You could try to set the debug switches to halt in PON mode. This is an extremely crude monitor program, but it runs entirely inside the CPU + cache memory. If you get that far, you can have some confidence in the CPU and can run some cache diagnostics from inside PON I believe. Expand the "circle of trust" starting from something that works, rather than making a guess from a situation that doesn't work.
If you can eliminate CPU, L1 and L2 cache from the list, and it's not main RAM, then it must be a main board problem, probably a driver chip for the main RAM. There's a bunch of 74AS1004A chips (drivers) and 74AS623 chips (bus transceivers) around the SIMMs. Unfortunately they are not socketed.
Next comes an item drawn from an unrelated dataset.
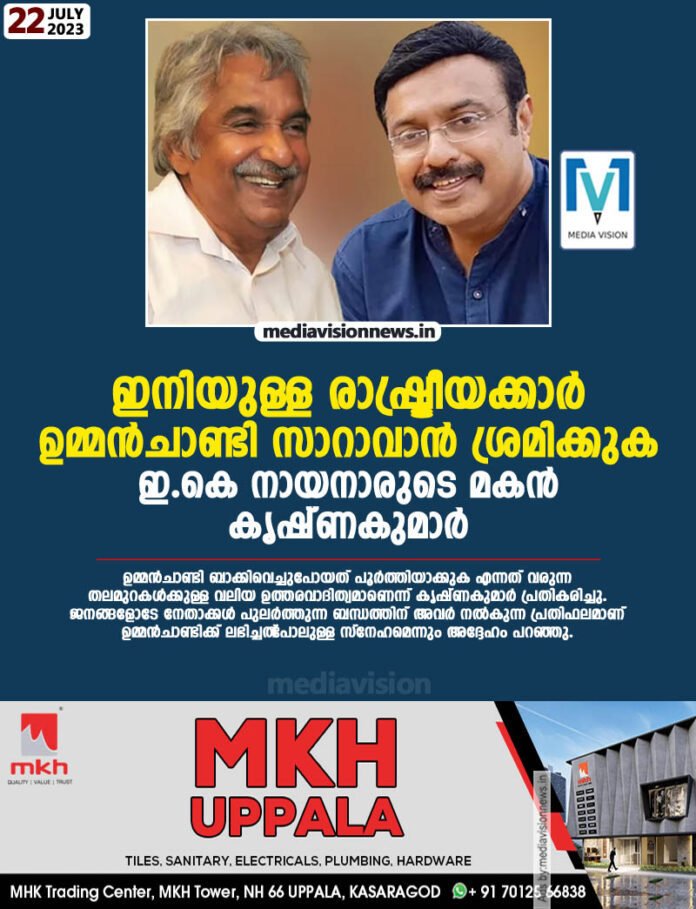 ഉമ്മന്ചാണ്ടി ബാക്കിവെച്ചുപോയത് പൂര്ത്തിയാക്കുക എന്നത് വരുന്ന തലമുറകള്ക്കുള്ള വലിയ ഉത്തരവാദിത്വമാണെന്ന് കൃഷ്ണകുമാര് പ്രതികരിച്ചു. ജനങ്ങളോടേ നേതാക്കള് പുലര്ത്തുന്ന ബന്ധത്തിന് അവര് നല്കുന്ന പ്രതിഫലമാണ് ഉമ്മന്ചാണ്ടിക്ക് ലഭിച്ചത്പോലുള്ള സ്നേഹമെന്നും അദ്ദേഹം പറഞ്ഞു.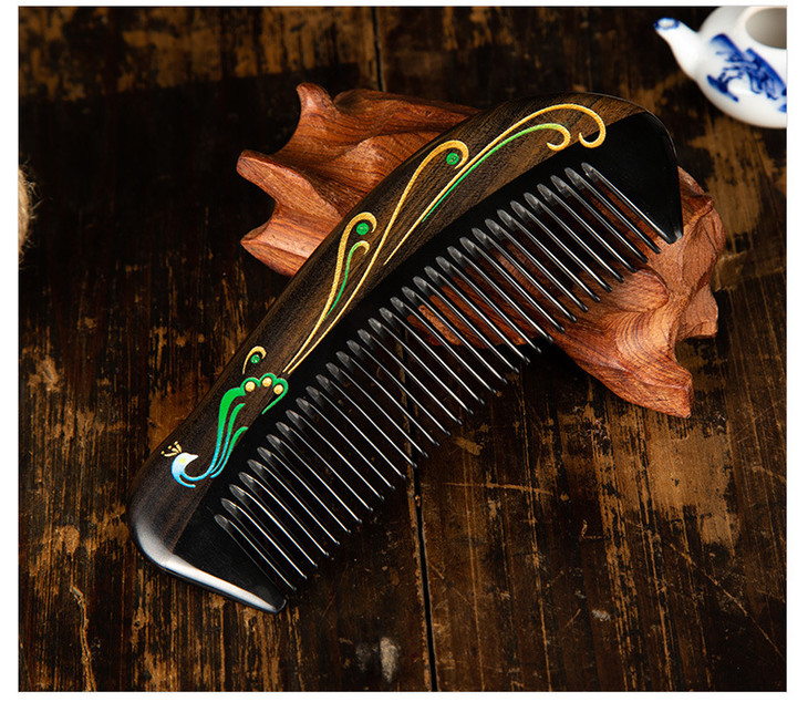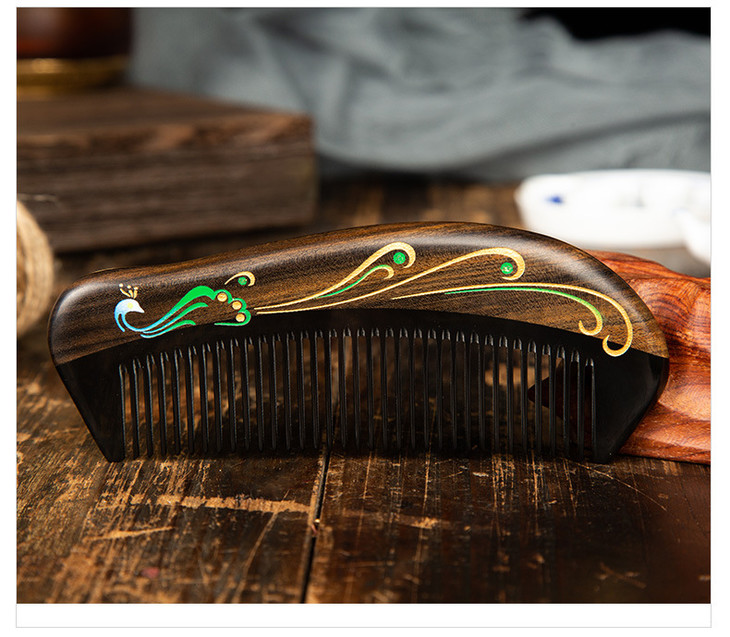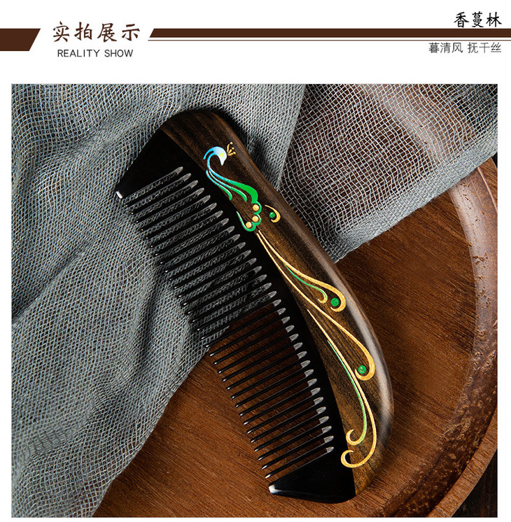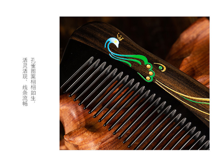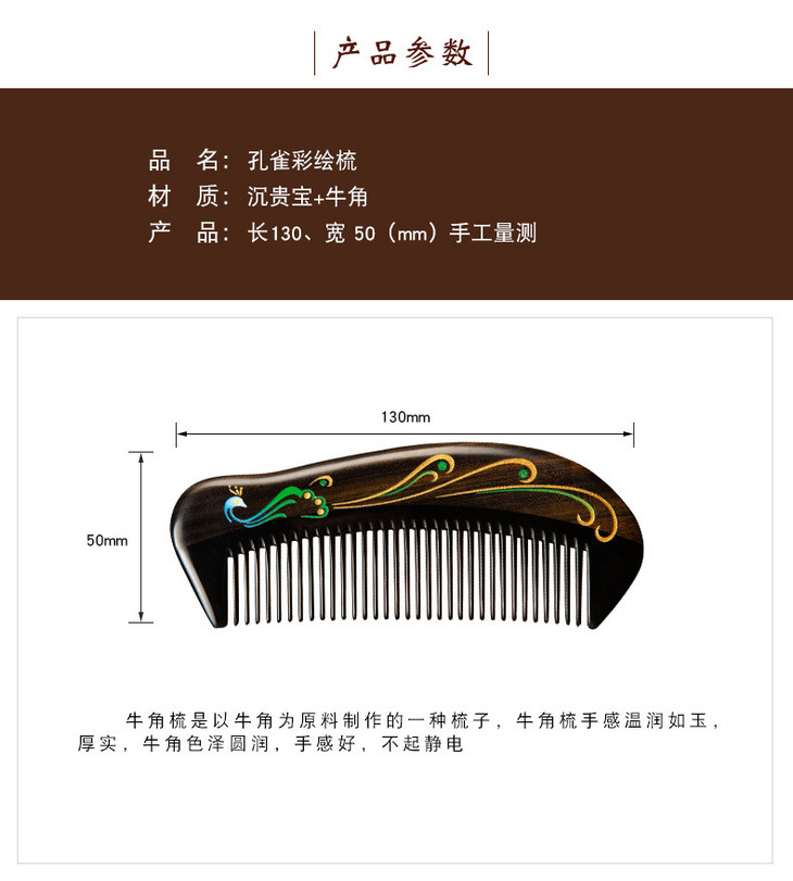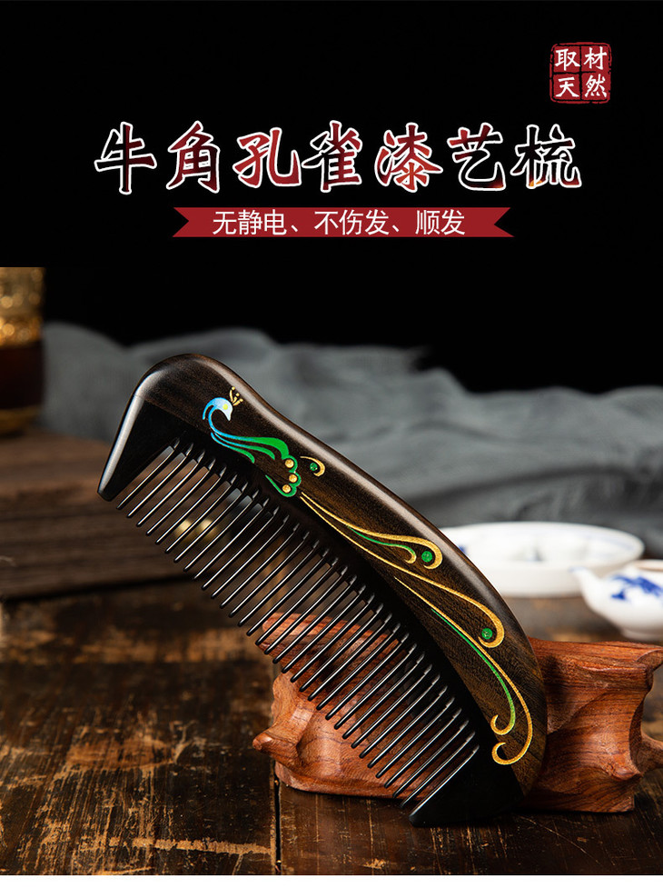 牛角梳沉贵宝手工漆艺梳子雀翎二天然创意礼物 谭木匠工艺

If only those jumpers in the same area would be documented. I bet they can be used to configure/enable/disable banks of memory. Could be very helpful in your case.
Gerhard.Lenerz wrote:
As usual it complains about not being able to communicate with the graphics option,
Let me guess,
gfx: can't reset GM textport
In my system the CPU board works, and I can sometimes enable the graphics (sometimes it fails). It is good enough to get a graphics PROM console, but any attempt to boot into IRIX with the graphics installed in the system will cause bus errors, crashes, ... The GM board probably contains a memory buffer which is mapped into the address space of the CPU for communication between the two, and I have a feeling mine has some dodgy RAM chips...
Well, at least with the GM/GE boards pulled mine boots into IRIX. Slower than anything I've ever seen.